Wednesday, March 4, 2009

stdio.h discard a line from input

There are a few different ways to phrase this question, all relating to stdio.h input handling:
  • What is a better way to discard input other than using fgetc() to read it character by character?
  • How do I discard a line without using fgets() to store it first? It may not clear the line completely due to limited buffer size.
Through creative uses of scanf() this can be done. The format string of scanf() looks like printf(). Rather than passing the value to be printed, you pass a pointer to some memory location to store the value that is parsed. In addition, you can use an astrisk '*' modifier to tell scanf() to discard input.

The first try, scanf("%*s\n"), doesn't really quite do what we wanted. The format "%s" matches only non-white characters (space, tab, newline, etc), so we only discard up to the nearest white space. The "\n" eats another white space (not a newline, contrary to intuition).

The Glibc version* of scanf can match a sequence of characters of any length given character ranges in brackets, sort of like POSIX regular expression character classes. The matching does not care about white spaces, so scanf("%*[^\n]") discards all non-newline characters from the input. But that doesn't quite do the trick yet. The input buffer still has a newline character.

Finally, scanf("%*[^\n]\n") does the trick. It first discards all characters leading to a newline, then discards a white character which must be a new line.
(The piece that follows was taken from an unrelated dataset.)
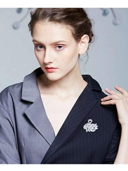 スワロフスキー CZダイアモンド スワン ブローチ クリスタルカット タイプ アクセサリー レディースジュエリー ジュエリー

*Update: appears to be ANSI C3.159-1989, so this feature should be portable to any conforming implementations. AIX has it. BSD has it. Glibc is the only one I tried.

Monday, March 2, 2009

C++ undefined vtable symbol

I was recently puzzled by a student's problem using GCC to compile some C++ code. He compiled the partial code after every changes in order to make sure he didn't screw up. At one point, the code compiled but gave this linker error:
Undefined symbols:
"vtable for PRNG_Uniform", referenced from:
__ZTV12PRNG_Uniform$non_lazy_ptr in ccBZAsss.o
ld: symbol(s) not found
collect2: ld returned 1 exit status
Searching on the web didn't yield any meaningful information about the error message. It took me a while, but I finally realized that it just means "there are some virtual methods you haven't defined; please define them."

In this particular example, the idea is to have an abstract base class PRNG (pseudo-random number generator) that derives PRNG_Uniform (uniform distributed) and other PRNGs with a variety of probability distributions (e.g. exponential, normal, or even deterministic). There is a virtual method from the base class that takes a random sample. The subclasses would implement that method. Another part of the system he implements would refer to the base class PRNG without caring what probability distribution characterizes the random samples.

The idea is that C++ compiler creates a virtual table for PRNG and each of its subclasses. The virtual table allows the method call on an object to be re-routed to the appropriate subclass implementation, even if all we have is a pointer to a PRNG object rather than to PRNG_Uniform or a specific subclass of PRNG.

In order for this virtual table to be available for the linker, all the virtual methods must be defined at link time.